Treating High Cholesterol: Why Statins Are a Great Start

Ideally, the level of LDL (“bad”) cholesterol in your blood should be below 100 mg/dL. Higher levels can lead to serious problems over time, including heart attack and stroke. Statins have been shown to reduce the liver’s production of cholesterol, lowering LDL (“bad”) cholesterol levels by up to 60%. That, in turn, lowers the risk of heart disease by up to 37% and the risk of stroke by up to 31%. If statins don’t get you to your goal at first, your doctor may recommend raising the dose or adding another type of medication.

Cholesterol and Statins: Add-On Therapies for Better Control

Statins don’t lower bad cholesterol enough for about half of the people who take them. Combining statins with another therapy is a common way to get better results. The four main types of add-on therapies are:

  • Bile acid sequestrants
  • Fibrates
  • Ezetimibe
  • Bempedoic acid

A bile acid sequestrant (BAS) works differently than statins. Instead of reducing the liver’s production of cholesterol directly, BSA resins bind to cholesterol-producing bile acids in your intestine, block them from entering your blood, and eliminate them as bodily waste. Essentially, the combination of a statin and a BAS attacks cholesterol in your body on two fronts, lowering bad cholesterol by up to 56%, about the same as some people achieve with statins alone. As an added bonus, a BAS may also help lower blood sugar, making it a popular choice for those who have both high cholesterol and diabetes.
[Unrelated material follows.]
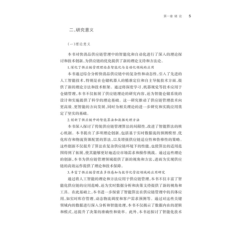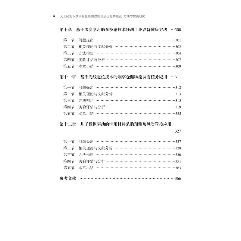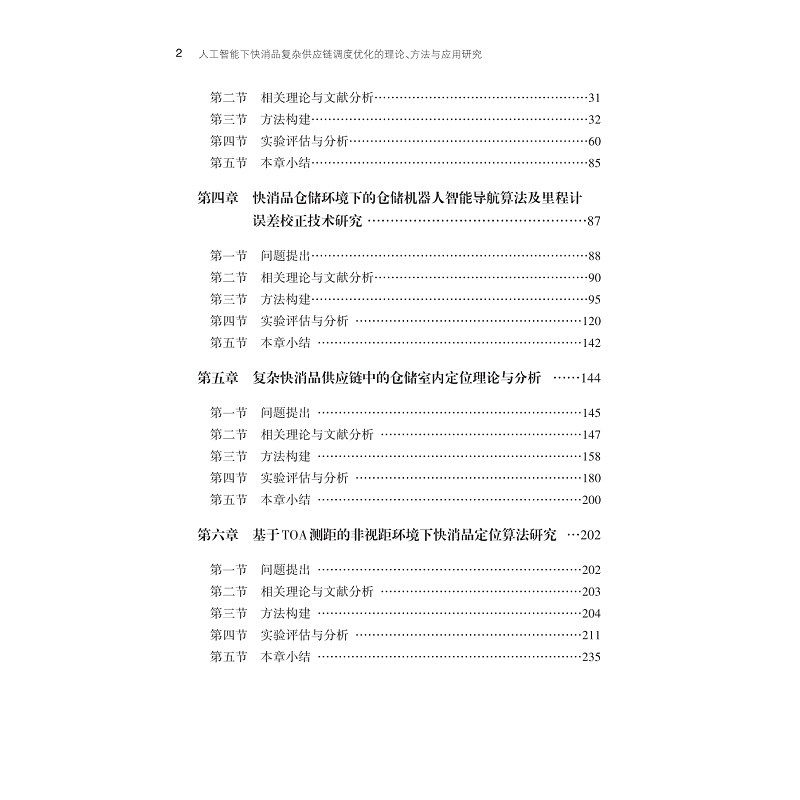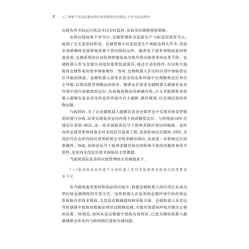 本书系统探讨了人工智能背景下快消品复杂供应链调度优化的理论、方法与应用。首先针对复杂供应链环境下的仓储响应调度慢的问题,讨论影响仓储调度的主要因素:仓储机器人定位与导航的问题。其次针对复杂快消品仓储环境对智能机器人的影响,研究在复杂室内环境下的定位技术,以提高仓储空间利用率和物流效率。最后从实际应用出发,研究了无线定位技术在烟草仓储物流调度中的应用,以及数据驱动的烟用材料采购预测与风险管控方法,并探讨了多模态融合技术在工业系统设备健康检测中的应用。

Examples include colestipol (Colestid) and colesevelam (Welchol).

Fibrates work more like statins in reducing the liver’s production of cholesterol, but they aren’t as effective taken alone. Fibrates are better than statins, however, at raising HDL (“good”) cholesterol levels, which helps clear bad cholesterol from your blood. Combining a statin with a fibrate covers two bases, lowering bad cholesterol by up to 46% while raising good cholesterol up to 34%. Taking some fibrates with statins can increase your risk of muscle damage, so your doctor will keep that in mind when choosing the right one for you. Common fibrates include gemfibrozil (Lopid) and fenofibrate (Tricor).

Ezetimibe (Zetia) is a newer medication that prevents cholesterol from being absorbed in your intestine, where it would then travel into your blood. Taken alone, ezetimibe lowers bad cholesterol by up to 18%. Taken with a statin, it lowers bad cholesterol up to 25%. There are drugs available that combine ezetimibe with statins, so you only need to take one pill.

Bempedoic acid (Nexletol) may be combined with statins for those at high risk of heart attack or stroke. It’s considered a targeted therapy, or biologic, because it works at the cellular level, blocking a specific enzyme the liver needs to make cholesterol. Bempedoic acid has been shown to lower bad cholesterol an additional 17% over statins alone in as little as 12 weeks.

Medication Plus Lifestyle Changes: It’s Never Too Late

It’s important to have regular conversations with your doctor about your treatment plan to monitor whether current medications are working as expected or a new direction is needed. Keep asking for help living heart-healthy as you go. Just because lifestyle changes alone have been unable to control your cholesterol doesn’t mean these changes aren’t worth making. Quitting smoking and losing weight can still reduce your risk of heart disease. Studies have shown that for every 1% you lower your cholesterol, you lower your risk of serious heart problems by 1%, too.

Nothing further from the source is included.